— LISTED RECORDS —

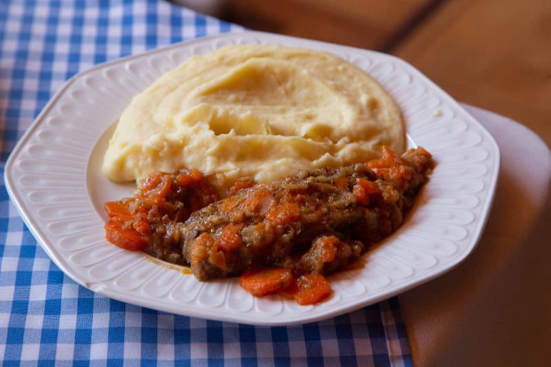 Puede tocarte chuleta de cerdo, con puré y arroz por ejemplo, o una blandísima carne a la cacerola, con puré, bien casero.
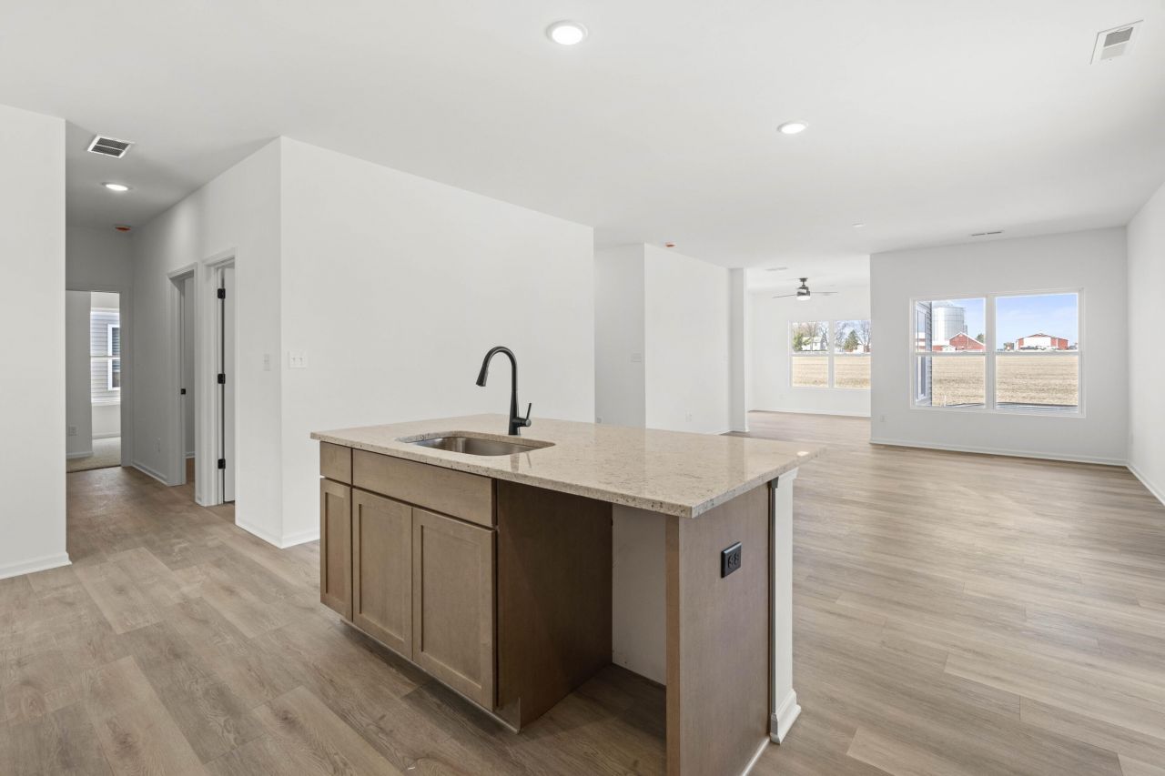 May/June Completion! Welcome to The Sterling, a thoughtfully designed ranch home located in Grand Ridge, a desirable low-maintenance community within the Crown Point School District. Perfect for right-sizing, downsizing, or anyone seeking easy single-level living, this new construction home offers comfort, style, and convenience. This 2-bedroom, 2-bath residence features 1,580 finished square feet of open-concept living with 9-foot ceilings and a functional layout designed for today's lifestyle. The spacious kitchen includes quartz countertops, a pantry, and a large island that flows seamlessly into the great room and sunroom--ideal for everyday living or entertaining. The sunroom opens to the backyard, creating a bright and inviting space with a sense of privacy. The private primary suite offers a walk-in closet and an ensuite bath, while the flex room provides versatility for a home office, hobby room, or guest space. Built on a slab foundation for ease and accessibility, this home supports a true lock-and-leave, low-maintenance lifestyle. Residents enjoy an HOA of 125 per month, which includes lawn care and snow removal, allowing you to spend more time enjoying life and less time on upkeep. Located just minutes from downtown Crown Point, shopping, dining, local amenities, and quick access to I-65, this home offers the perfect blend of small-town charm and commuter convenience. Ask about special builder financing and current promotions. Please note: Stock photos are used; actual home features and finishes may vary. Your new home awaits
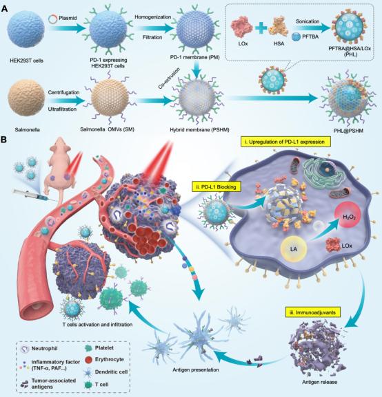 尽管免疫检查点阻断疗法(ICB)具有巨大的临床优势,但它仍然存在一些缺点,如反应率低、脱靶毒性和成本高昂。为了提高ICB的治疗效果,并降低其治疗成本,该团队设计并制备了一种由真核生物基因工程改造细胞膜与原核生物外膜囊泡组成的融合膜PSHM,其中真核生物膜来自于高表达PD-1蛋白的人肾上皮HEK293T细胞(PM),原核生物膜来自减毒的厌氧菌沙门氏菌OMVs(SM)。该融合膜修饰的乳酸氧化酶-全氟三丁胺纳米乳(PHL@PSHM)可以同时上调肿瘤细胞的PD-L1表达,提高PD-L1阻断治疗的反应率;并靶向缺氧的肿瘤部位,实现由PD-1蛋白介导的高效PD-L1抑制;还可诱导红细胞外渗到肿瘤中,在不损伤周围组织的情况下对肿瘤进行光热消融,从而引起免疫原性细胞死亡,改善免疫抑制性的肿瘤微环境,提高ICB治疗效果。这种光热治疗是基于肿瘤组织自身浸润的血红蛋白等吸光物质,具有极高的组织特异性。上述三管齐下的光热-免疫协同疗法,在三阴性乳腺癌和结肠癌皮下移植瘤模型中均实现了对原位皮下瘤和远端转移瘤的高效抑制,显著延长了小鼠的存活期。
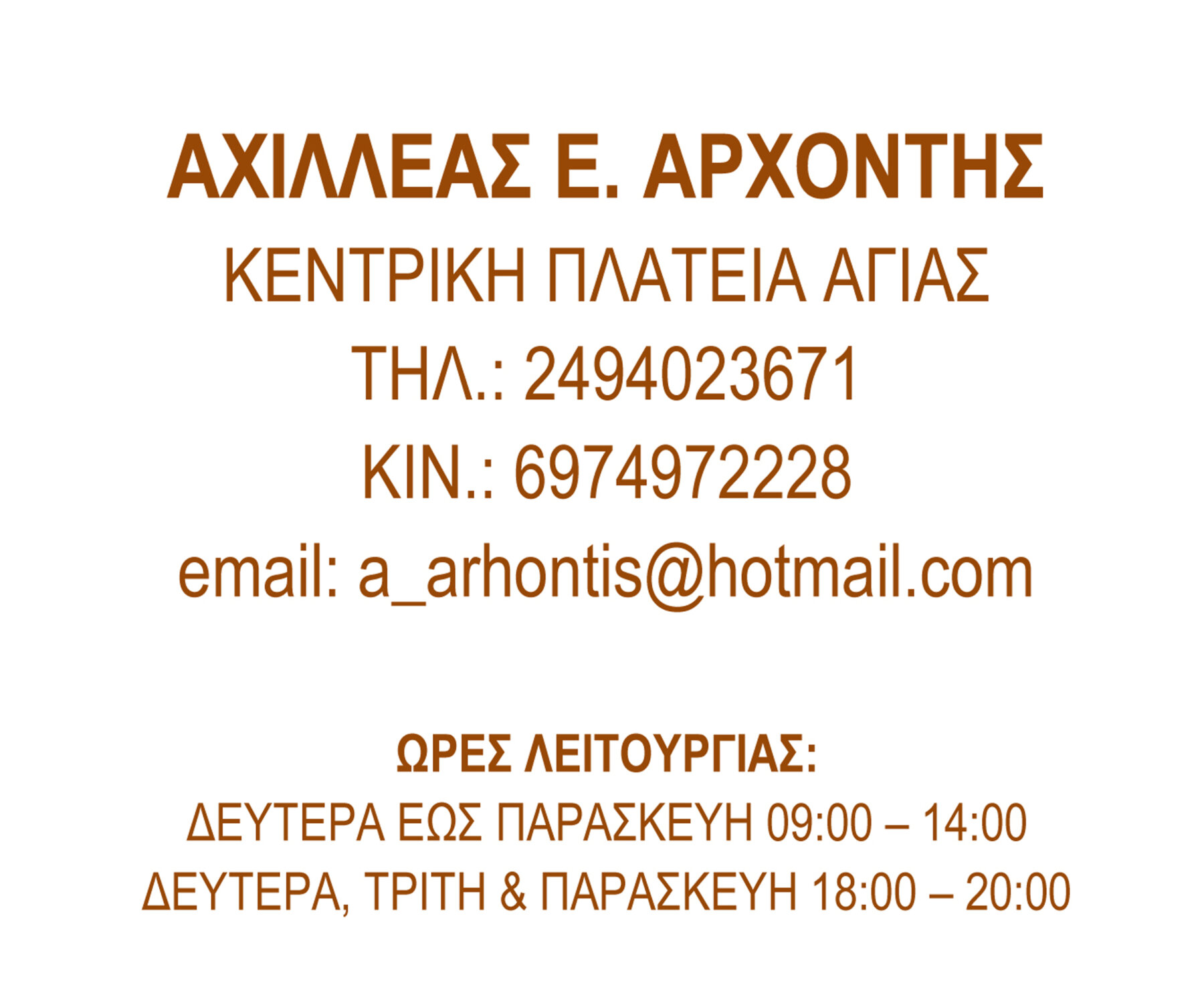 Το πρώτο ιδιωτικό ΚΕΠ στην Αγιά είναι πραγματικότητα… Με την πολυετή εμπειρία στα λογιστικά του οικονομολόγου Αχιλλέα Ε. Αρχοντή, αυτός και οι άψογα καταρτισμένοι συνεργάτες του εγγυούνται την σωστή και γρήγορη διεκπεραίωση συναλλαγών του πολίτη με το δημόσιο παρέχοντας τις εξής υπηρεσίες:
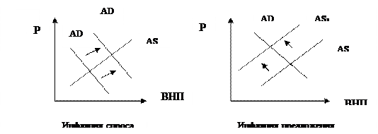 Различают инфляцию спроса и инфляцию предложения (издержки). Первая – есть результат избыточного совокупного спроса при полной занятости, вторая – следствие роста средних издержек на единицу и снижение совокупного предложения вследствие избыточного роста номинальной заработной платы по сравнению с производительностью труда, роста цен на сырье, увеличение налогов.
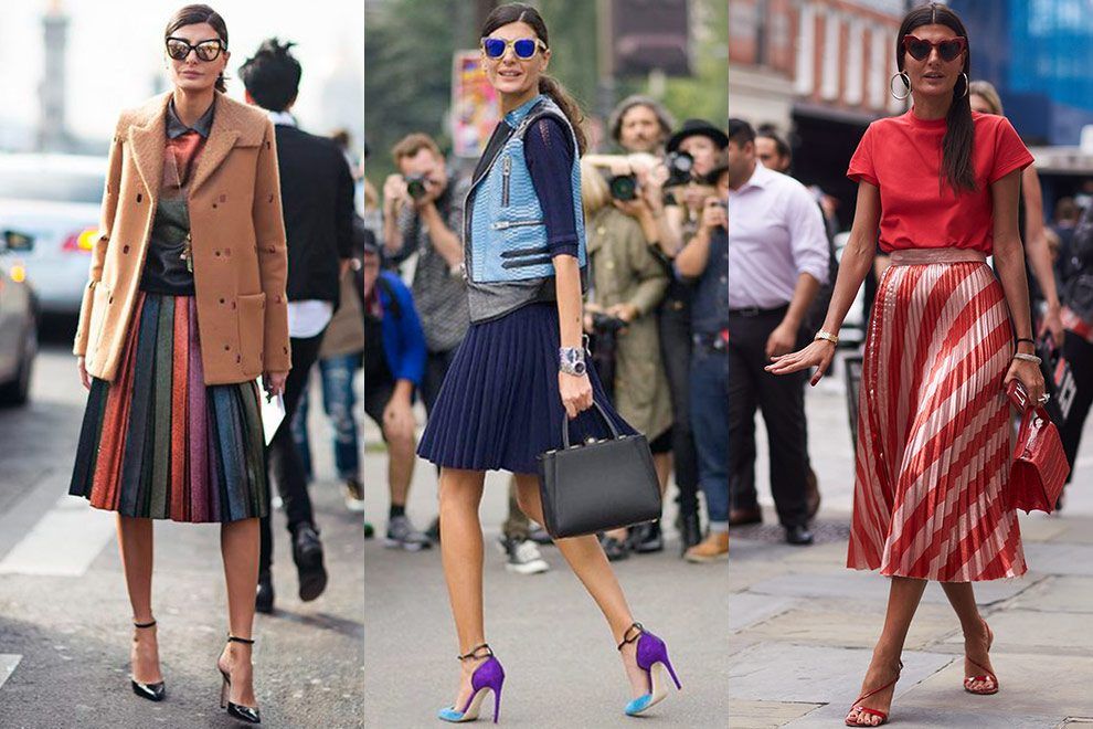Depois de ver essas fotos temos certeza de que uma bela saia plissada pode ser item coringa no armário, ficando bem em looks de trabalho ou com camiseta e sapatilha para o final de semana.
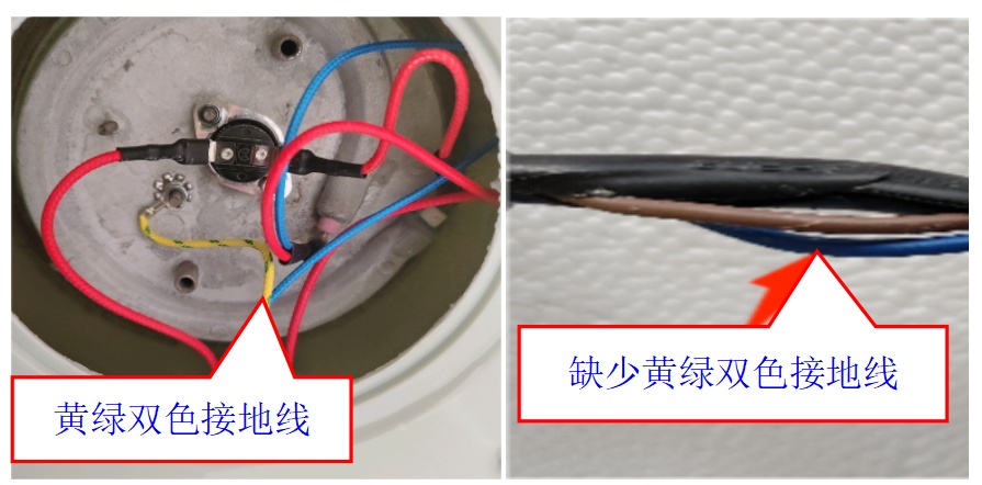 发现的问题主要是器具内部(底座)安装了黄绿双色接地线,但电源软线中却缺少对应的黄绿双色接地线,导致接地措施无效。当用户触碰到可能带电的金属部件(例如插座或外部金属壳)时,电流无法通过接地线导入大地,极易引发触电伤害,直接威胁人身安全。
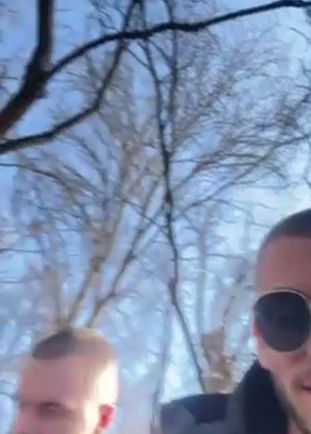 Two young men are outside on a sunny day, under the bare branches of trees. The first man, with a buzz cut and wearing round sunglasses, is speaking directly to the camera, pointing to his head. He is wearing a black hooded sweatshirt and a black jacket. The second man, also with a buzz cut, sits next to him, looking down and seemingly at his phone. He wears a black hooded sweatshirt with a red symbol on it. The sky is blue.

— TRY IT —
Without the images, write out each line of the data verbatim.

— THE ANSWER —
 Puede tocarte chuleta de cerdo, con puré y arroz por ejemplo, o una blandísima carne a la cacerola, con puré, bien casero.
 May/June Completion! Welcome to The Sterling, a thoughtfully designed ranch home located in Grand Ridge, a desirable low-maintenance community within the Crown Point School District. Perfect for right-sizing, downsizing, or anyone seeking easy single-level living, this new construction home offers comfort, style, and convenience. This 2-bedroom, 2-bath residence features 1,580 finished square feet of open-concept living with 9-foot ceilings and a functional layout designed for today's lifestyle. The spacious kitchen includes quartz countertops, a pantry, and a large island that flows seamlessly into the great room and sunroom--ideal for everyday living or entertaining. The sunroom opens to the backyard, creating a bright and inviting space with a sense of privacy. The private primary suite offers a walk-in closet and an ensuite bath, while the flex room provides versatility for a home office, hobby room, or guest space. Built on a slab foundation for ease and accessibility, this home supports a true lock-and-leave, low-maintenance lifestyle. Residents enjoy an HOA of 125 per month, which includes lawn care and snow removal, allowing you to spend more time enjoying life and less time on upkeep. Located just minutes from downtown Crown Point, shopping, dining, local amenities, and quick access to I-65, this home offers the perfect blend of small-town charm and commuter convenience. Ask about special builder financing and current promotions. Please note: Stock photos are used; actual home features and finishes may vary. Your new home awaits
 尽管免疫检查点阻断疗法(ICB)具有巨大的临床优势,但它仍然存在一些缺点,如反应率低、脱靶毒性和成本高昂。为了提高ICB的治疗效果,并降低其治疗成本,该团队设计并制备了一种由真核生物基因工程改造细胞膜与原核生物外膜囊泡组成的融合膜PSHM,其中真核生物膜来自于高表达PD-1蛋白的人肾上皮HEK293T细胞(PM),原核生物膜来自减毒的厌氧菌沙门氏菌OMVs(SM)。该融合膜修饰的乳酸氧化酶-全氟三丁胺纳米乳(PHL@PSHM)可以同时上调肿瘤细胞的PD-L1表达,提高PD-L1阻断治疗的反应率;并靶向缺氧的肿瘤部位,实现由PD-1蛋白介导的高效PD-L1抑制;还可诱导红细胞外渗到肿瘤中,在不损伤周围组织的情况下对肿瘤进行光热消融,从而引起免疫原性细胞死亡,改善免疫抑制性的肿瘤微环境,提高ICB治疗效果。这种光热治疗是基于肿瘤组织自身浸润的血红蛋白等吸光物质,具有极高的组织特异性。上述三管齐下的光热-免疫协同疗法,在三阴性乳腺癌和结肠癌皮下移植瘤模型中均实现了对原位皮下瘤和远端转移瘤的高效抑制,显著延长了小鼠的存活期。
 Το πρώτο ιδιωτικό ΚΕΠ στην Αγιά είναι πραγματικότητα… Με την πολυετή εμπειρία στα λογιστικά του οικονομολόγου Αχιλλέα Ε. Αρχοντή, αυτός και οι άψογα καταρτισμένοι συνεργάτες του εγγυούνται την σωστή και γρήγορη διεκπεραίωση συναλλαγών του πολίτη με το δημόσιο παρέχοντας τις εξής υπηρεσίες:
 Различают инфляцию спроса и инфляцию предложения (издержки). Первая – есть результат избыточного совокупного спроса при полной занятости, вторая – следствие роста средних издержек на единицу и снижение совокупного предложения вследствие избыточного роста номинальной заработной платы по сравнению с производительностью труда, роста цен на сырье, увеличение налогов.
Depois de ver essas fotos temos certeza de que uma bela saia plissada pode ser item coringa no armário, ficando bem em looks de trabalho ou com camiseta e sapatilha para o final de semana.
 发现的问题主要是器具内部(底座)安装了黄绿双色接地线,但电源软线中却缺少对应的黄绿双色接地线,导致接地措施无效。当用户触碰到可能带电的金属部件(例如插座或外部金属壳)时,电流无法通过接地线导入大地,极易引发触电伤害,直接威胁人身安全。
 Two young men are outside on a sunny day, under the bare branches of trees. The first man, with a buzz cut and wearing round sunglasses, is speaking directly to the camera, pointing to his head. He is wearing a black hooded sweatshirt and a black jacket. The second man, also with a buzz cut, sits next to him, looking down and seemingly at his phone. He wears a black hooded sweatshirt with a red symbol on it. The sky is blue.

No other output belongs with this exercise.